For previous periods, the transitional guidelines allow entities to: [IFRS 15:C3] Where a contract contains variable consideration elements, the entity estimates the amount of variable consideration to which it is entitled under the contract. [IFRS 15:50] Variable consideration may result, for example, from discounts, rebates, refunds, credits, price concessions, incentives, performance bonuses, penalties or similar items. There is also a variable counterparty if a company`s right to a counterparty depends on the occurrence of a future event. [IFRS 15:51] The basic principle of IFRS 15 is that revenue is recognised when goods or services are transferred to the customer at the transaction price. Revenue is accounted for in accordance with this basic principle using a 5-step model, as shown below. If a contract with a customer does not yet meet all of the above criteria, the company will re-evaluate the contract in the future to determine if it subsequently meets the above criteria.
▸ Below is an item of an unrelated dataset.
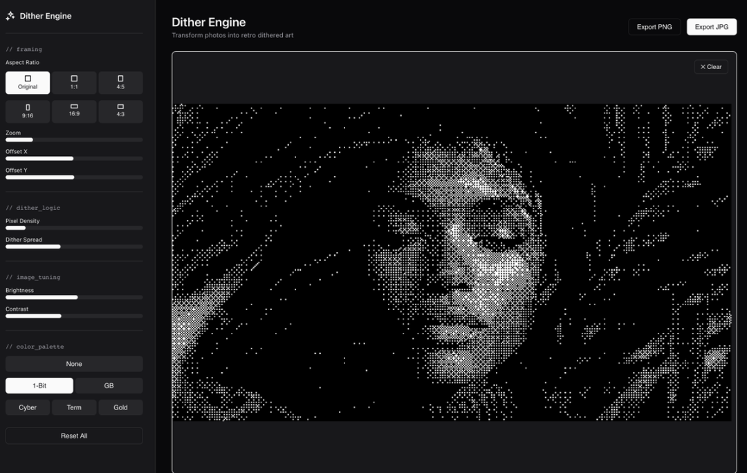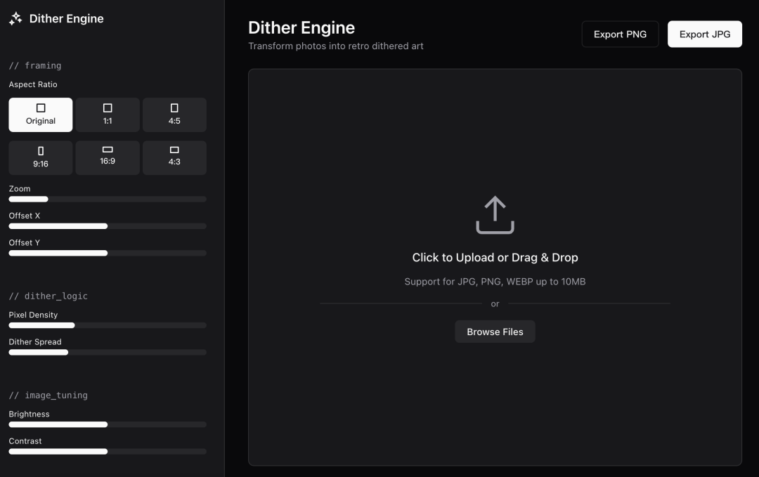 通过像在Figma里一样手动调整细节,搭建了由左侧的参数面板和右侧预览区组成的Dither Engine图片编辑工具。

From that date, the entity will apply IFRS 15 to the contract. [IFRS 15:14] IFRS 15 specifies how and when an IFRS registrant recognises revenue and requires these entities to provide more informative and relevant information to users of the financial statements. The standard offers a unique five-step model based on principles that can be applied to all contracts with customers. The asset recognised for the acquisition or performance of a contract is systematically depreciated, which is consistent with the pattern of transfer of the goods or services to which the asset relates.
[IFRS 15:99] The application of these guidelines depends on the facts and circumstances present in a contract with a customer and requires the exercise of judgment […].